Microscopic hyperspectral images provide a new way for blood cell examination. The hyperspectral imagery can greatly facilitate the classification of different blood cells. In this paper, the microscopic hyperspectral images are acquired by connecting the microscope and the hyperspectral imager, and then tested for blood cell classification. For combined use of the spectral and spatial information provided by hyperspectral images, a spatial-spectral classification method is improved from the classical extreme learning machine (ELM) by integrating spatial context into the image classification task with Markov random field (MRF) model. Comparisons are done among ELM, ELM-MRF, support vector machines(SVM) and SVMMRF methods. Results show the spatial-spectral classification methods(ELM-MRF, SVM-MRF) perform better than pixel-based methods(ELM, SVM), and the proposed ELM-MRF has higher precision and show more accurate location of cells.

Paper Details

Date Published: 24 October 2017
PDF: 11 pages
Proc.
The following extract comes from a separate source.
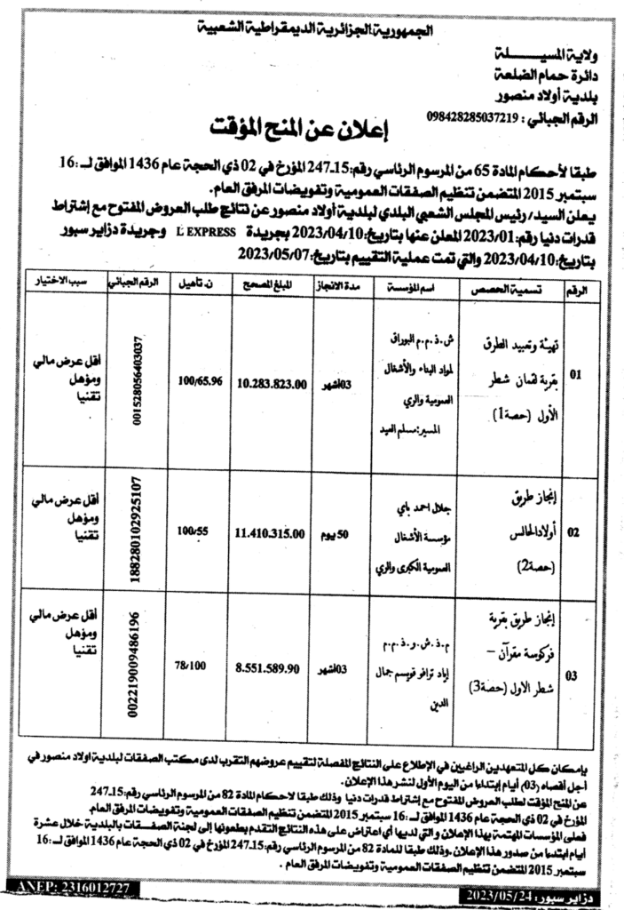 إعلان عن المنح المؤقت/ بلدية أولاد منصور

SPIE 10461, AOPC 2017: Optical Spectroscopy and Imaging, 1046102 (24 October 2017); doi: 10.1117/12.2281268
Show Author Affiliations
Qiong Ran, Beijing Univ. of Chemical Technology (China)
Lan Chang, Beijing Univ. of Chemical Technology (China)
Wei Li, Beijing Univ. of Chemical Technology (China)
Xiaofeng Xu, Capital Medical Univ. (China)

Published in SPIE Proceedings Vol. 10461:
AOPC 2017: Optical Spectroscopy and Imaging
Jin Yu; Zhe Wang; Wei Hang; Bing Zhao; Xiandeng Hou; Mengxia Xie; Tsutomu Shimura, Editor(s)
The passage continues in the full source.